Aces de Gracia
Hay días en los que me levanto con unas ganas terribles de tirar la toalla, de dejarme llevar por una corriente de melancolía e infelicidad que me hunda hasta el fondo de un abismo oscuro y viscoso sobre el que flotaré hasta hundirme y quedar enterrado bajo veinte metros de profundidad para volverme fósil instantáneo. Me dan ganas de gritarle al primero que se me atraviese y golpear las paredes que se interpongan en mi camino. Me dan ganas de estrellarme contra el mundo como toro embravecido y volverme polvo insensible e irracional. Cuando esos días me llegan, mi cuerpo es plomo, mi alma es turbia, y cada minuto del día es una aplanadora. Y no sé cómo transito las calles de la ciudad. No sé cómo es que encuentro la fuerza para levantarme de la cama, bañarme, salir al trabajo, volver arrastrando los pies hasta el vano de mi casa y caer en el suelo como una plasta para permitir que el frío del piso cale mis huesos y erradique mi fiebre existencial.

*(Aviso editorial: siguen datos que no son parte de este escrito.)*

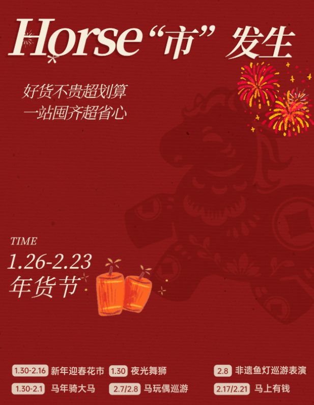 壹方天地以“壹方開(kāi)喜?HORSE發(fā)生”為主題,圍繞馬年生肖元素,打造了集沉浸式展覽、非遺市集、演藝巡游、優(yōu)惠福利于一體的新春體驗(yàn),讓你在逛市集、品美食、玩游戲中感受濃厚年味。
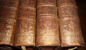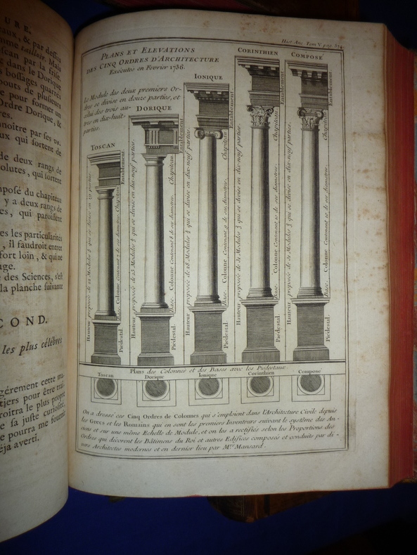 PARIS, chez la Veuve ESTIENNE 1731, 13 tomes en 14 volumes , superbe etat reliure d'epoque veau glacé dos lisse richement decoré avec pieces de titres et de tomaison , et les initiales au bas du dos de l'ancien proprietaire sur tous les tomes : F.G.D.B.illustrations , gravures hors texte (une superbe sur les moyens de communication avec le feu ), cartes depliantes , in 16 , 14 tomes complet , a voir photos sur demande
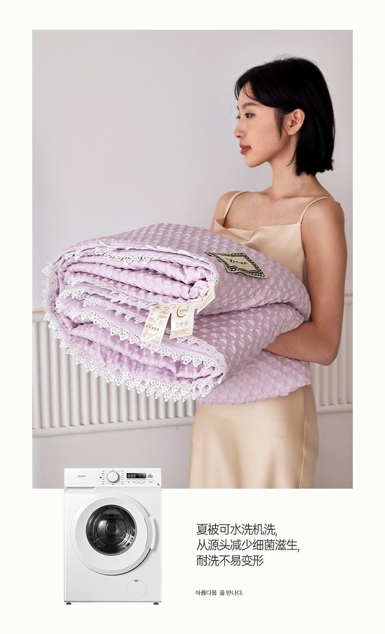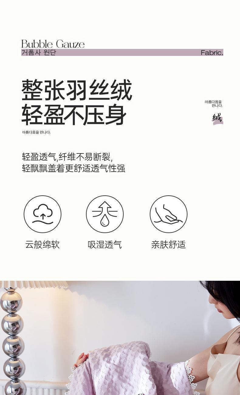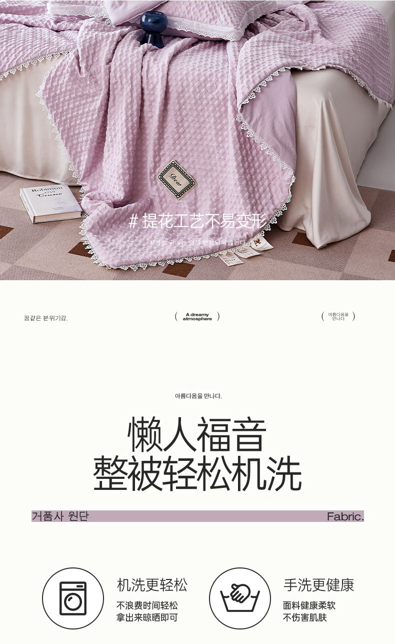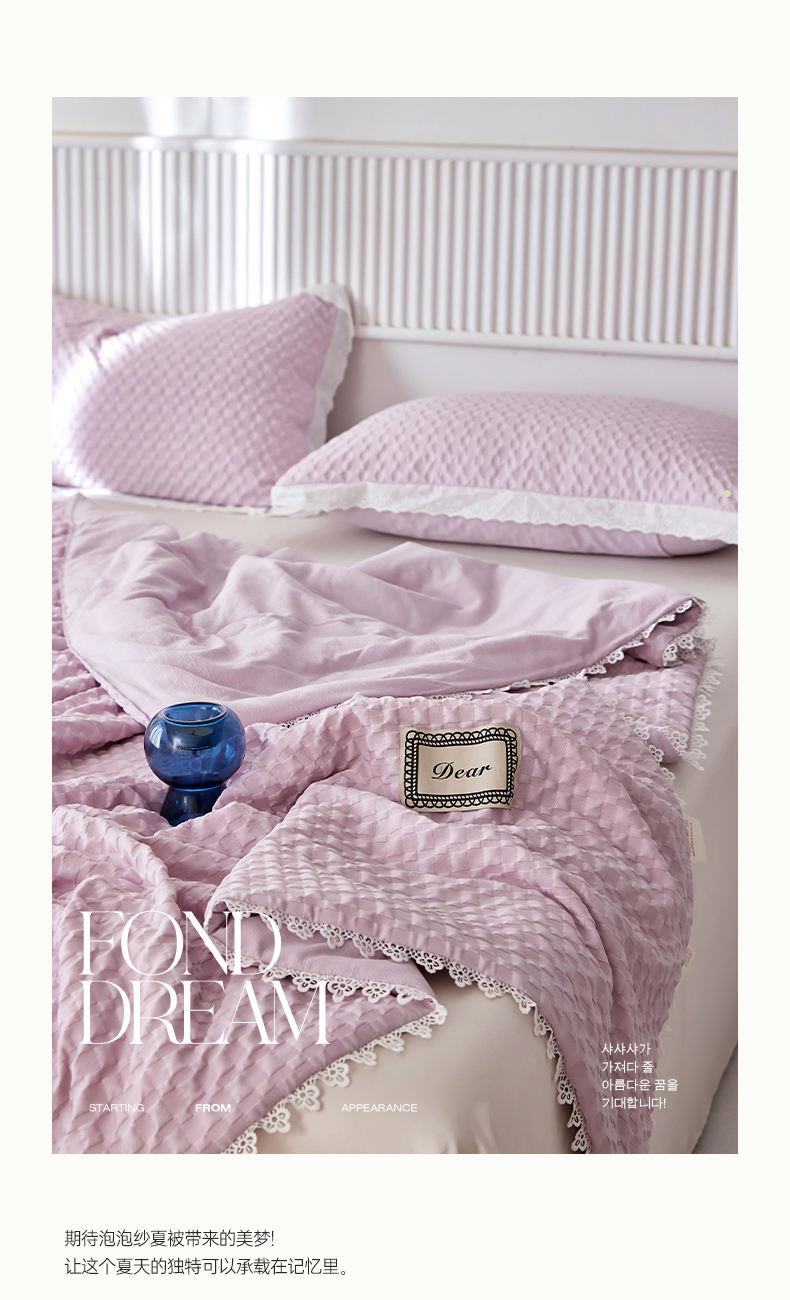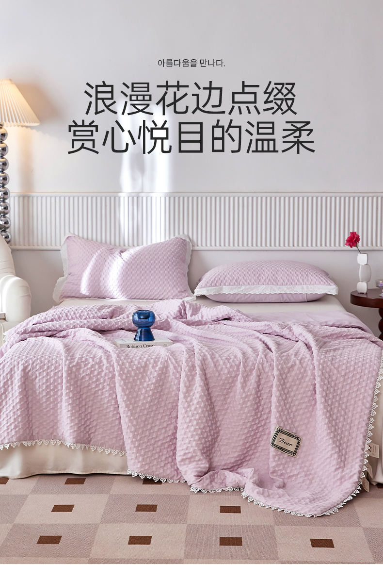 A類級別夏被,無甲醛無熒光無芳香胺,泡泡棉紗質(zhì)面料 軟糯舒適自帶微微褶皺感貼膚,不易悶熱,感知好睡眠,敏感肌膚適用;泡泡棉的透氣性能十分良好且擁有吸濕快干的優(yōu)點,優(yōu)質(zhì)整張羽絲棉填充,蓬松柔軟;無懼機洗水洗,久洗如新,解放雙手;細節(jié)滿分,方體壓泡工藝,凹凸的質(zhì)感立體有型,浪漫小花邊點綴,賞心悅目的溫柔。

Estaba en uno de esos días cuando me crucé con el U.S. Open 2018 que acaba de culminar con Novak Djokovic coronándose por catorceava vez en un Grand Slam y con Naomi Osaka sobreponiéndose a la veintitrés veces campeona del mundo Serena Williams en su casa, creando historia al ser la primera japonesa en conquistar un Grand Slam.
Por un lado, Djokovic demostró una paciencia de roca frente a la cascada de raquetazos proporcionada por Juan Martín del Potro, quien dependía en gran medida de la potencia jaguaresca y velocidad de chita de su servicio, pero que Novak supo controlar con terquedad de pared y tenacidad y precisión de halcón, por lo que terminó imponiéndose a del Potro en los tres sets que jugaron, sin darle siquiera una oportunidad a Juan Martín de hacerse a la idea de la posibilidad del título. Con una sonrisa y una humildad digna de monje tibetano, Novak celebró su victoria lanzándose al suelo para recuperar el aliento y seguido abrazó al abatido del Potro, a quien luego le dijo que era un gran campeón, que tenía que estar orgulloso, que también era una inspiración (Clarín).

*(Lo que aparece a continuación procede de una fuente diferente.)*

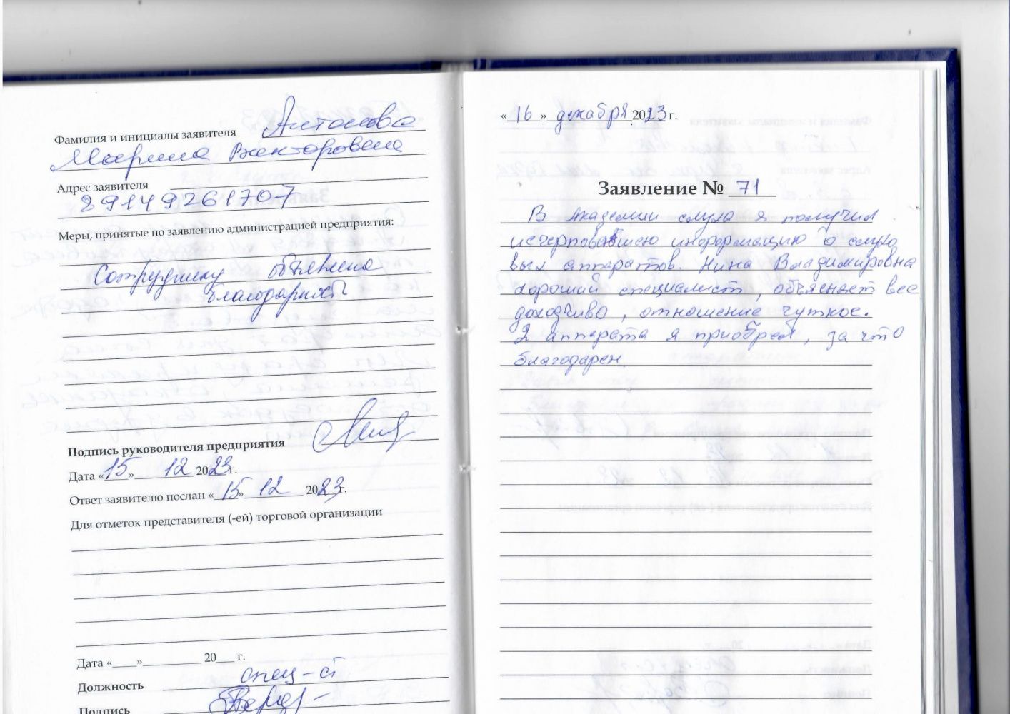 Выражаю благодарность сотрудникам. Получила бесплатный аппарат.
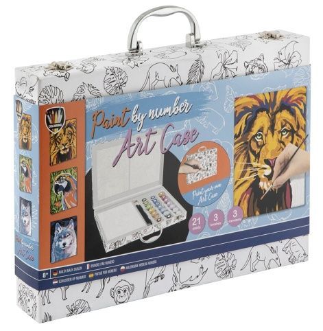 Kufřík s malováním podle čísel obsahuje předtištěné obrázky na plátně (3 ks – lev, papoušek a vlk) s čísly, 21 očíslovaných barev, 2 kulaté a 1 plochý štětec. Velikost kufříku 35×25 cm.
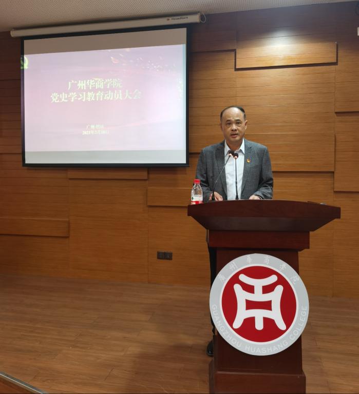 郭银华同志作总结讲话,强调开展党史学习教育,1.增强政治责任感,把党史教育作为我们当前以及今后的重要政治任务;2.坚持不懈用党的创新理论最新成果武装头脑,提高政治判断力,政治领悟力,政治执行力;3.坚决把习近平总书记重要指示批示和党中央决策部署体现到学校发展和党的建设各项工作中;4.凝聚推动华商学院高质量发展的强大动力,做到办实事、解难题,协调解决师生现实问题。
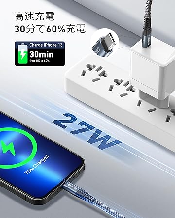 【PD高速充電対応】USB C ライトニングケーブル は3Aまでの高出力に対応しています。30分だけで、iPhone13を50%ぐらい充電できます。従来品のLightningケーブルより、充電スピードが大幅にアップされました。しかも、480Mbpsの転送スピードで写真や音楽などのファイルを30秒ぐらいに伝送できます
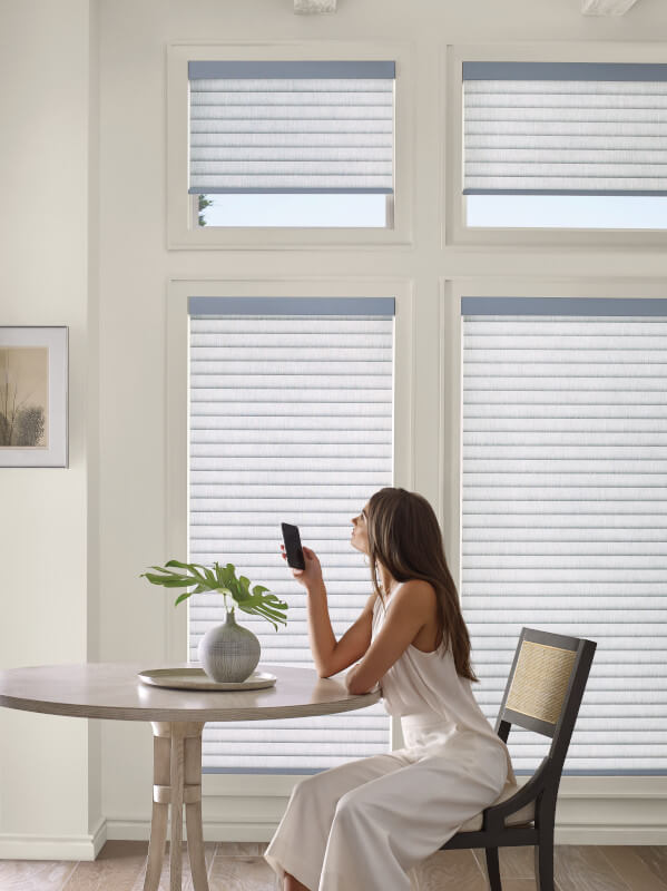 This battery-powered system allows for quick touch-and-go functionality. Move your shades by gently pulling down or pushing up on the wand. Tangled cords are a thing of the past, making the SoftTouch® Motorization system an ideal option for homes with pets and children.

Por otra parte, durante el partido entre Osaka y Williams, Serena perdió la serenidad ante las decisiones penales del juez de silla, lo que le costó la concentración y así mismo el partido. Lamentablemente, la gran campeona del mundo actuó muy por debajo de su categoría durante el encuentro, ya que no pudo controlar su indignación casi infantil y se enfocó más en reclamar injusticias y enfrentar al juez que jugar contra la japonesa de veinte años quien luego manifestó que para poder confrontarla se imaginó que se trataba de una práctica. La humildad con que Osaka recibió la copa fue tal que se disculpó por la manera como se habían desarrollado las cosas, pero así mismo fue un momento ideal para que Serena reivindicara su espíritu deportivo y le exigiera al indignado público que dejara de abuchear como señal de apoyo, pues era la primera gran y merecida victoria de la japonesa. Es natural que ese lado más humano, ese que manifiesta todas nuestras impotencias, miedos y frustraciones en la forma de gritos, lloriqueos, azotes y reclamos haya tomado posesión de alguien tan maduro a nivel profesional, pues nadie está exento de perder el auto control sin importar cuan preparado esté: es nuestra animalidad inextinguible.

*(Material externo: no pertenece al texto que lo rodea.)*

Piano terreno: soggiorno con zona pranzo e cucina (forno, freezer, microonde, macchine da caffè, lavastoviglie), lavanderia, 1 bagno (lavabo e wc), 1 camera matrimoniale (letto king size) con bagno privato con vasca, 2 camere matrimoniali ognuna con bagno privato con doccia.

Así, durante esos días de los que hablo me siento más como Serena y del Potro que como Osaka y Djokovic. La frustración acampa en mi cuerpo y pareciera que no hay fogata capaz de brindarme una pizca de calor ante el témpano de la abrumadora incapacidad. Sin embargo, mientras miraba el desenvolvimiento de los encuentros, me di cuenta que al campeón —tanto a Djokovic como a Osaka— lo hace la serenidad de roble con la que afronta cada bola. Una bola a la vez desde las rondas clasificatorias hasta la conquista del championship point. Y cada bola la jugaban como si no existiera otra, como si el punto anterior fuese algo remoto y el siguiente un futuro lejano. Esto les ayudó a mantener la compostura, la cabeza fría y los ojos perseverantemente fijos en la trayectoria de la pelota. Esto les permitió encontrar el lado flaco del adversario y arrollarlo con la calidad de su juego manteniéndose ajenos al otro, entregados a sí mismos por completo.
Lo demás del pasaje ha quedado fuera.